[TASK MATERIAL — start]

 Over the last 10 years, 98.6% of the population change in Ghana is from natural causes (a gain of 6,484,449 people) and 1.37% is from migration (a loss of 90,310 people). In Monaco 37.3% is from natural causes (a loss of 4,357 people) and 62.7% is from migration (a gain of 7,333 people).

[TASK MATERIAL — finish]
[TASK MATERIAL — start]

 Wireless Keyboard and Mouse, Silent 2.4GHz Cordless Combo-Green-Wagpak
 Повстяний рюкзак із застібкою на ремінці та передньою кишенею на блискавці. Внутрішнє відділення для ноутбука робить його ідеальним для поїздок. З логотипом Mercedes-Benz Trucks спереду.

[TASK MATERIAL — finish]

• **WORK ITEM**: When you reach the line with "Wireless Keyboard and" in the records above, start writing out lines exactly, and stop once the line with "Повстяний рюкзак із" has been written; include nothing else.

• **RESPONSE FOR THIS EXERCISE**:
 Wireless Keyboard and Mouse, Silent 2.4GHz Cordless Combo-Green-Wagpak
 Повстяний рюкзак із застібкою на ремінці та передньою кишенею на блискавці. Внутрішнє відділення для ноутбука робить його ідеальним для поїздок. З логотипом Mercedes-Benz Trucks спереду.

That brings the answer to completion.